● **What you are asked to do**: Return the lines of the data below starting at the one holding "Thanks for reaching" and ending at the one holding "Reduce the risk", word for word, leaving every picture out.

BEGIN Exercise inputs

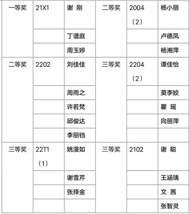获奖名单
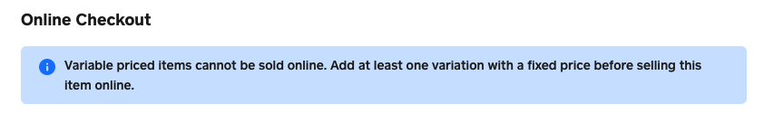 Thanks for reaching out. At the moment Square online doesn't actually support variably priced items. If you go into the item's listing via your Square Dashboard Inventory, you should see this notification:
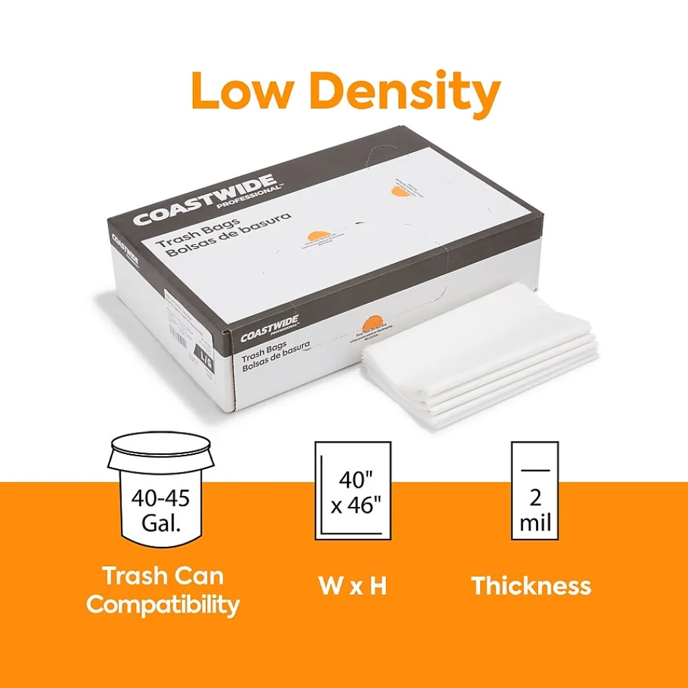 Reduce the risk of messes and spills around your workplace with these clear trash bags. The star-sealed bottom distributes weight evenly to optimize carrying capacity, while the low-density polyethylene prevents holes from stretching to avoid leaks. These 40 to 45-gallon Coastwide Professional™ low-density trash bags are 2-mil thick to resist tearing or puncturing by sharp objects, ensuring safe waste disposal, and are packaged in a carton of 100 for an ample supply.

END Exercise inputs
BEGIN Exercise inputs

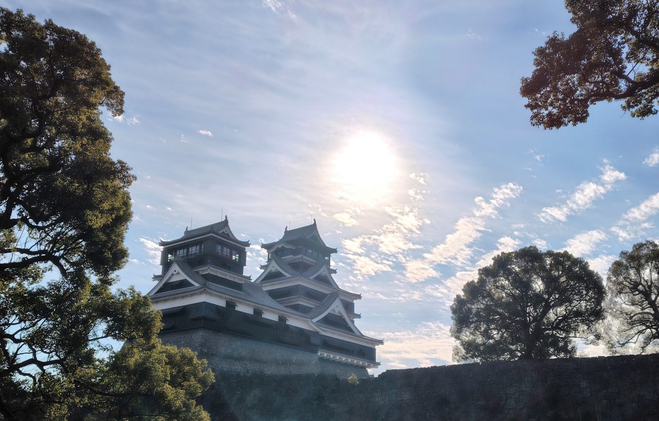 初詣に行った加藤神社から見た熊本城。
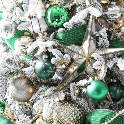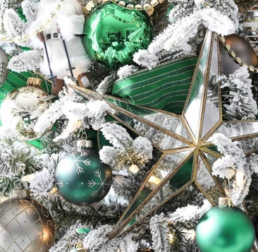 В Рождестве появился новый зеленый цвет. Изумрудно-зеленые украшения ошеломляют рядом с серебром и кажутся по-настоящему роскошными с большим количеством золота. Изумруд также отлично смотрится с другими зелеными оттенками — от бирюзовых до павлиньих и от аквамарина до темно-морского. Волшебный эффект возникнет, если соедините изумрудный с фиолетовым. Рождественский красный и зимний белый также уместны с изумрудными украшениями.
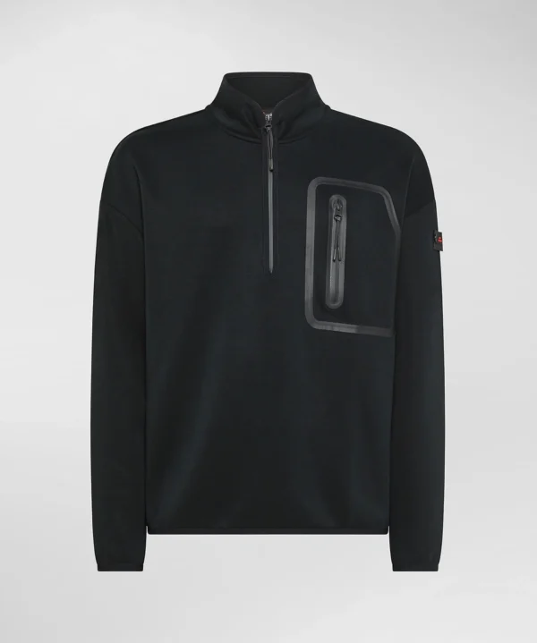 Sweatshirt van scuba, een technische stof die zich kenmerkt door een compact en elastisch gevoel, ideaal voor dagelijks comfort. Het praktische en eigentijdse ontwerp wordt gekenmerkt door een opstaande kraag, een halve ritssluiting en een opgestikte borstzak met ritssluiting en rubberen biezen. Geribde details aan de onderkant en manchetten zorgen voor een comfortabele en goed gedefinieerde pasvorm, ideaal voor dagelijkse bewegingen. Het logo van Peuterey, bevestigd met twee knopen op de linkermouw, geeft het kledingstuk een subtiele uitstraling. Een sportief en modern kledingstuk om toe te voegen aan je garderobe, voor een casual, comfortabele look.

END Exercise inputs
BEGIN Exercise inputs

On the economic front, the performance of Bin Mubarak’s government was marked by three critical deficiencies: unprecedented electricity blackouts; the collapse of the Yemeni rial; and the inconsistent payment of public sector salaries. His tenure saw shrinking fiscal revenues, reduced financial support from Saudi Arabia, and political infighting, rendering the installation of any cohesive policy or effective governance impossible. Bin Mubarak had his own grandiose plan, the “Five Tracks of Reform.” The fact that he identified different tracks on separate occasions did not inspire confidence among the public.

END Exercise inputs

● **Response to the exercise**:
 Thanks for reaching out. At the moment Square online doesn't actually support variably priced items. If you go into the item's listing via your Square Dashboard Inventory, you should see this notification:
 Reduce the risk of messes and spills around your workplace with these clear trash bags. The star-sealed bottom distributes weight evenly to optimize carrying capacity, while the low-density polyethylene prevents holes from stretching to avoid leaks. These 40 to 45-gallon Coastwide Professional™ low-density trash bags are 2-mil thick to resist tearing or puncturing by sharp objects, ensuring safe waste disposal, and are packaged in a carton of 100 for an ample supply.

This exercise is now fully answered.